Выбор Донбасса | страница 7
Дело, вот дело,
в небо взлетела
не ракета — судьба,
налетай, ястреба,
рви на клочья, трепи,
разноси по степи...
Богово — Богу,
прах — по дорогам,
разбросай там и здесь...
Был трубач —
вышел весь...
А война, горяча,
найдет другого
трубача...
Если бы тело
твоё живое
кромсали
и рвали на части,
ужас бы миру
небо застил,
мир был бы
в ужасе, видя такое,
видя,
как в смертном оскале
таешь, тонешь
в небытии…
И только собственные
выродки твои
этому бы
рукоплескали…
Господи, вразуми меня
на исходе дня,
хотя бы на исходе
моих строк и мелодий,
таких нелепых,
что нет для них
ни окопов,
ни землянок штабных,
ни простора,
ни темного угла,
ни парусов,
ни худого весла —
только голос мой,
что тих и слаб…
Анна Вечкасова (Краснодон)
Открой, умоляю, глаза!
Услышь меня!
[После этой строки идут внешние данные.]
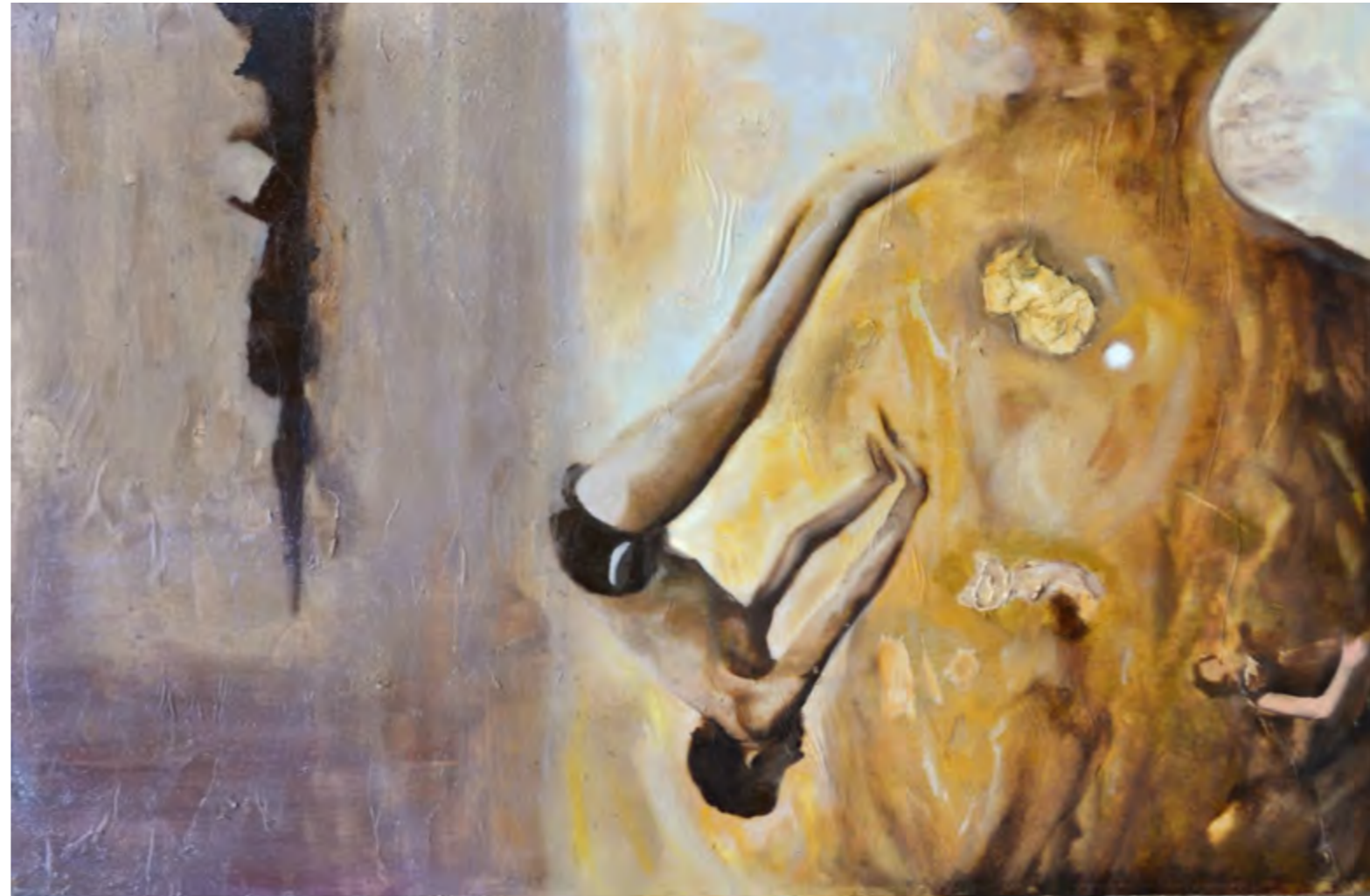
LAKE HOUSE 02:55 PM OIL ON CANVAS 35.56 x 17.78 cm

2015: Hum Jo Tareek Rabon Mein Marey Gaey... , Awami Art Collective, Karachi 2015: About Her , Color Gallery, Lahore 2014: Anomalous , Sanat Initiative, Karachi 2014: Fresh , Amin Gulgee Gallery, Karachi 2014: But the most beautiful thing about my burrow is its stillness... , Taseer Art Gallery, Lahore 2013: The Space in Between , Taseer Art Gallery, Lahore 2013: In Conversation with Migration Series , The Phillips Collection, Washington DC 2013: Analogical Paradigms , Indus Valley School Gallery, Karachi 2013: Limbs: Anatomy of Images , Attic Studio, Alhamra Art Center, Lahore

Я же Твой раб
По Образу создан, но слаб.
А слабого трогать нельзя.
Как хочется жить и любить!
Да в небе летит самолет.
Гадаю — в кого попадет?
С тоской понимаю — бомбить...
И взрыв отдается в ногах!
Молю, просмотри на меня!
В осколках и смерче огня,
О, Господи, Яхве, Аллах!
Грохот! Страшный, дикий, злой!
Вспышки, блики, чей-то вой!
Навзничь, на пол! тру глаза —
Август, ночь... идет гроза...
До боли сжимаю руки.
В окно проревел раскат.
Сканирую кожей звуки:
гроза, «ураганы», «град»?...
И вновь задрожали стены.
Диспетчер дает добро.
Летим, не включив сирены,
там — раненная в бедро.
Она родилась в рубашке.
Везем её через дым
с бессменным шофером Сашкой,
что стал мне почти родным.
Возможно, забуду не скоро я:
смертельной объят пеленой
мой город. Осталась «скорая»
у края передовой.
В застывшем безводном мареве
работали за троих.
Смотрели ночами в зарево,
не ведая: кто и чьих…
Последние силы изношены
И думали — смерть обойдет.
Убитый. И ранена. Брошены?
Кто помнит — меня поймет
Где ты, стая моя, стая белая,
моя дерзкая, гордая, смелая,
где следы твои, верстами меряны,
неужели навеки потеряны.
Голоса, будто струны звенящие,
за игривой луной уводящие —
все бежали на зов оголтелые
по весенней земле волки белые…
Людмила Гонтарева (Краснодон)
Ветер рвет провода,
с крыш летит черепица,
и скрывает вода
наших улиц границы.
Над степным городком
собирается лихо.
В зазеркалье окон
напряженно и тихо.
Надвигается сушь,
невзирая на грозы.
Мясорубка из душ
на пределе угрозы.
На прицеле — покой,
не задавшийся, в общем.
Мы уходим в запой,
не куем и не ропщем,
и не мелем зерно,
не читаем молитвы…
Мы попали в сезон
мировой шоу-битвы.
Лечь в траву и закрыть глаза.
Вжаться раной открытой в почву.
Снились алые паруса.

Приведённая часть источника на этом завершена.